The Prime Minister said that it was difficult to discuss Okinawa in terms of nuclear weapons because it was not clear officially whether they were present there or not. It was only natural for the Japanese to believe that there were nuclear weapons on Okinawa and he would wish to ask for their removal. He recognized the difficulty of discussing their presence and of making a direct public statement that they had been removed.

The President said that this was the key point. He hoped that we could work out some understanding, and had prepared some language for the Prime Minister. The Prime Minister then produced compromise language for their consideration.

(The Prime Minister passed the Japanese language to the President, who read it in silence.)3

[Page 80]

The President said that the Japanese language seemed agreeable as far as his understanding with the Prime Minister was concerned. He could see why the Prime Minister needed such language to deal with the political situation in Japan. However, our own people would require “more precise” language with respect to prior consultations, as drafted by our side.

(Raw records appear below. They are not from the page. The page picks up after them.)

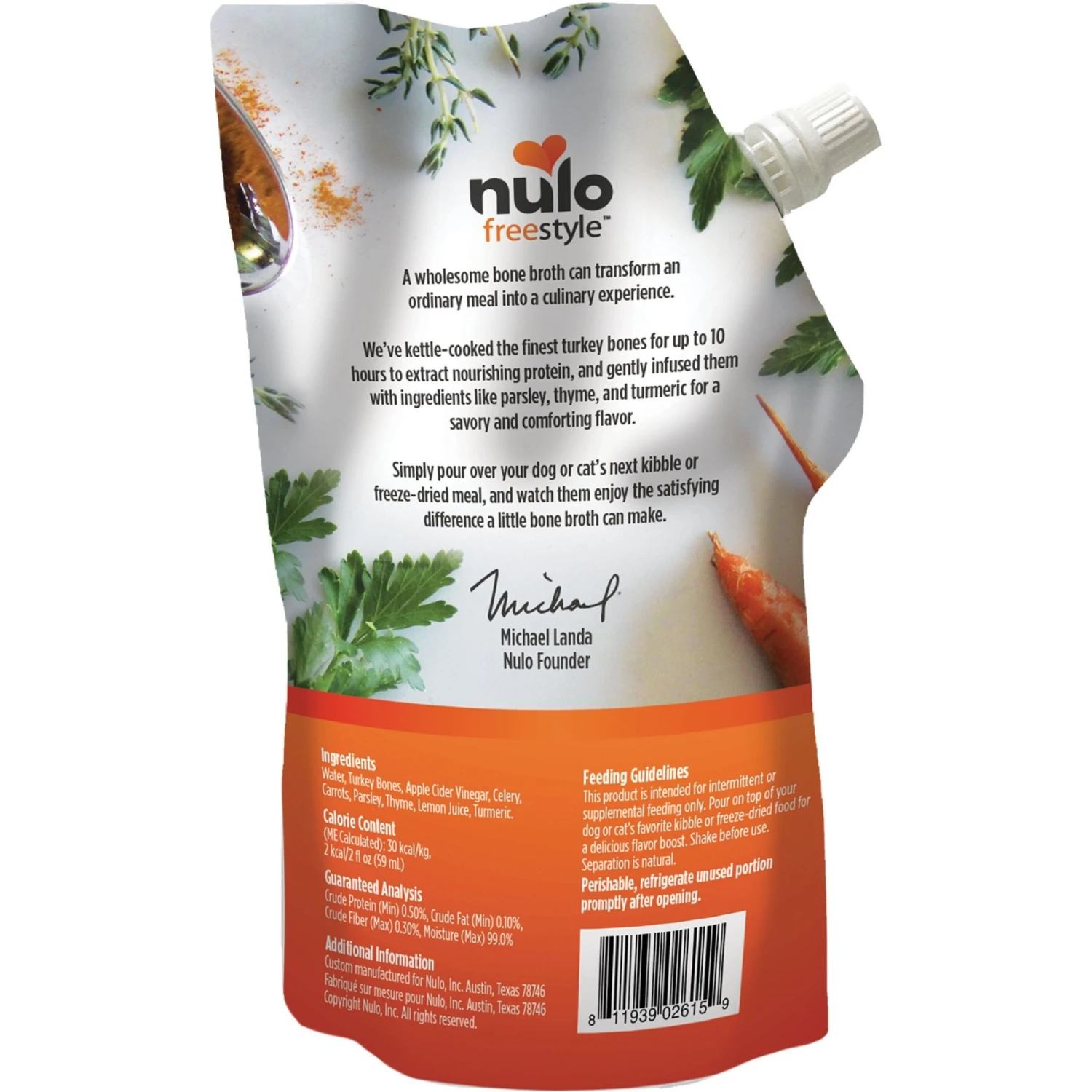 Nulo FreeStyle Grain-Free Classic Turkey Bone Broth Dog & Cat Topper, 20-oz Pouch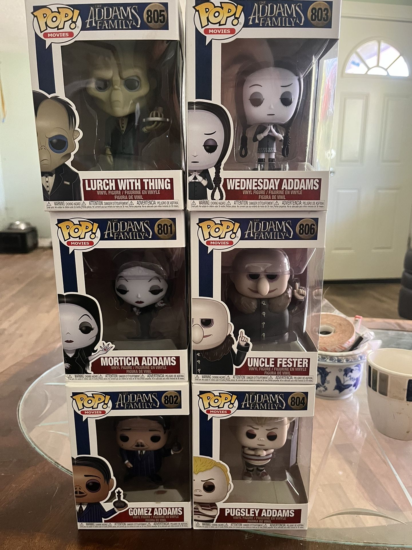 The complete set of Addams Family characters includes Pugsley Addams, Wednesday Addams, Gomez Addams, Uncle Fester, Lurch, and Thing, along with Morticia Addams. This entire collection is available for $100.00.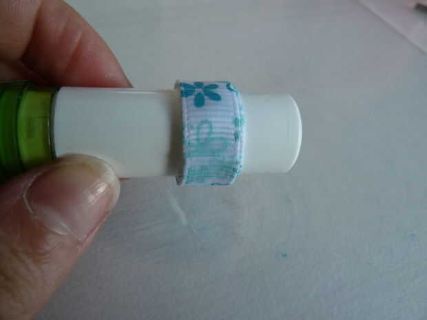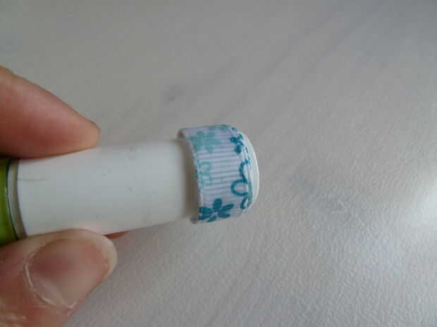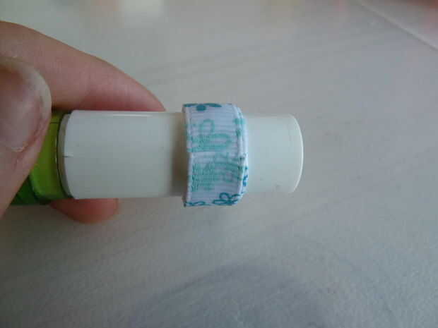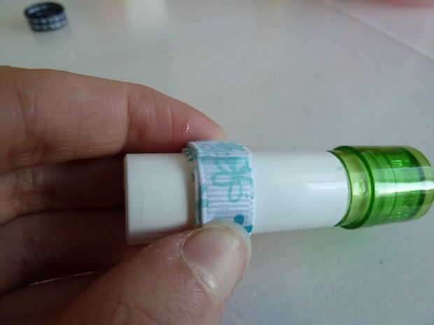 Para finalizar el anillo, use sus tijeras para hacer un corte recto, suave para terminar la cinta. Agregar el pegamento al final y ponerlo en la otra parte del anillo. Use su pulgar para pulsado al final hasta que el pegamento haya secado un poco más. Cuando tiene, se aplica un extra poco de pegamento a la conexión del anillo y el final de la cinta. Espere a que el pegamento se seque por completo.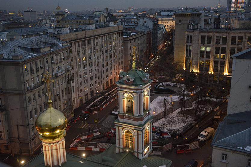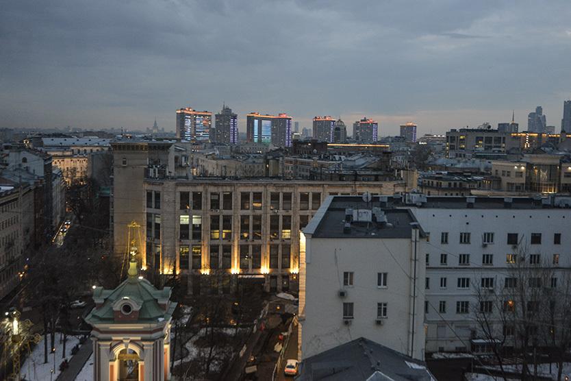 С верхнего этажа и с балкона виден Кремль, напротив — Дом композиторов, а на моей улице — дом Мейерхольда с лифтами наружу. С одной стороны открывается вид на улицу Тверская, с другой — Консерватория с памятником Чайковскому, который смотрит на нашу улицу.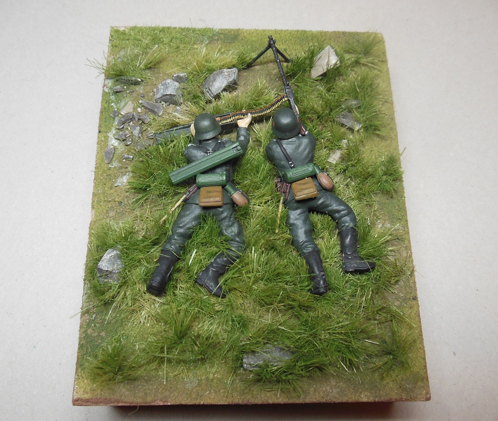 Понравилась подставка, террэйн удался) а вот фигурки подкачали. Судя по всему немцы не живые уже, цвет лиц такой) ствол мг34 не рассверлен, эквип не пойми как весит, Дэкали серебрятся, фигурки покрашены монотонно без рельефа, ну и слишком чистые они у Вас, сапоги видимо им тут выдали по месту. Автору хороших работ в будущем

(The President passed the United States language to the Prime Minister, who read it in silence.)

The Prime Minister said that there appeared to be a great difference between the two drafts, but he wished to consider how to bring them closer.

The President said that something between the two might be agreeable.

The Prime Minister asked whether the President’s request to have a more precise statement related to the portion dealing with prior consultation? (The Prime Minister then passed the President a second Japanese draft, which the President read in silence; he then nodded his head affirmatively.)

The President said that it seemed to say about the same thing; he felt that it would be better, however, in terms of the Joint Communiqué. If the Prime Minister felt that he could sell this language in Japan, the President felt that he could sell it here.

The Prime Minister said that he was reluctant to use the term “prior consultation” and indeed this was the only place it appeared in the Joint Communiqué. However, he could accept this language because the United States Government felt that it could better explain away its problems at home by adding this more precise reference to prior consultation.

The President said it would be very helpful to have the Prime Minister’s views on how such consultation could take place. The Senate was as deeply interested in this point as was the Diet in Japan. For example, how could such consultations be conducted, how could we react in the event of an emergency such as the recent shooting down of the American EC–121.

(Note: The Prime Minister began to phrase his reply by saying the problem was “introduction in an emergency”, but halted his train of thought and made a fresh start.) The Prime Minister said that the United States maintained that Okinawa’s military capability would be weakened by reversion (although personally he did not think so). Japan itself would oppose any such weakening of Okinawa’s capability in its own interest. Therefore, Japan wished to have Okinawa reverted but at the same time, wished to avoid to the extent possible impairing its military capability. However, Okinawa could not be reverted with [Page 81] all American rights in tact in their present form; he was obliged to request that the President bear with some weakening.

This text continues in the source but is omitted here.